Tolu is also readibly accessible from Barranquilla, Santa Marta, Medellin, by bus. It's about 5 hours from Barranquilla, 7 from Santa Marta, and 10 to Medellin. Bogota is about 20 hours away by bus. To the west of Tolu, there are few typical tourist areas, although theoretically, if you're arriving by boat from Panama, you can take a bus from Turbo that will pass through Tolu.


What to See: Tolu is a place where the real attractions are outside of the city. Unfortunately, there is virtually nothing by way of architecture of history in the city. The main plaza is located between Carrera 2 and 3 and Calle 15 and 16. Here you'll find a Super Exito, a Bancolombia ATM, and the town church, really the only building of note in the city.

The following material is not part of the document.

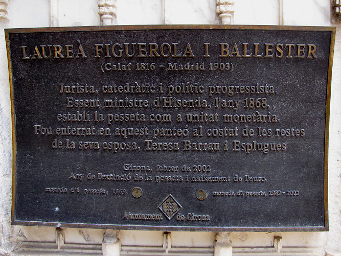 L'economista i polític català Laureà Figuerola, nascut a Calaf el 4 de juliol de 1816, i mort a Madrid el 28 de febrer de 1903, és conegut per la creació de la unitat monetària de la pesseta (1). Les seves despulles, per voluntat de la seva esposa, reposen a Girona, a on va ser traslladat des de l'hotel del carrer Serrano on va morir.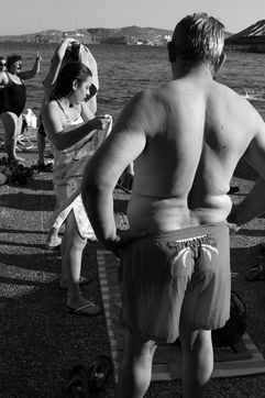 Since antiquity, the Greeks entertain a very special relationship with the sea. The sea has nourished tales for children, all the dreams for overseas journeys. She has knitted the History of this nation, since Homer and through centuries. The sea and Greece are inseparable and not only for sailors. Aegean, Ionian and the sea of Crete with thousands of islands are what is the river Gange for the Hindu. During my recent trips to my country, I made this photo documentary on the bodies of bathers of all ages and built to show this link between water and my people.

All along Carrera Primera you'll find numerous hotels, mainly of the budget variety. Here, at least during the low season rooms go for $25.000 with a fan and $35.000 with AC. One of your best bets is to sample the various seafood options. You'll find a variety of fish, shrimp, lobster, and squid options.

You'll also want to check out the interesting shops selling souvenirs: it's a great place to find cheap polished shells, baby alligators, starfish, windchimes, t-shirts, and all manner of things related to the sea. However, make sure you don't purchase anything dervived from any endangered species, such as several kinds of sea turtles.

There are swimming options in Tolu. A quick stroll up and down la Primera will reveal a couple of sandy beaches. Some of these spots are actually quite charming, with picturesque boats lining the shore, and stone piers jutting out into the waters of the Golfo de Morrosquillo.

And, of course, at night, the most popular activities include watching the sunset and enjoying a delicious cold beer or cocktail.

Tolu, at most, justifies a stay of a couple of days; perhaps one day to explore the town, another day to check out neighboring Covenas, and another to take a tour (or possibly spend the night) on the nearby Islas de San Bernardo.


Ambience: The Colombian costenos are a laidback bunch, and Tolu is no exception. It's a mix of mestizo and Afrocolombian populations, with little commerce or industry apart from that derived from tourism. People will certainly be grateful for your presence, especially in off-season.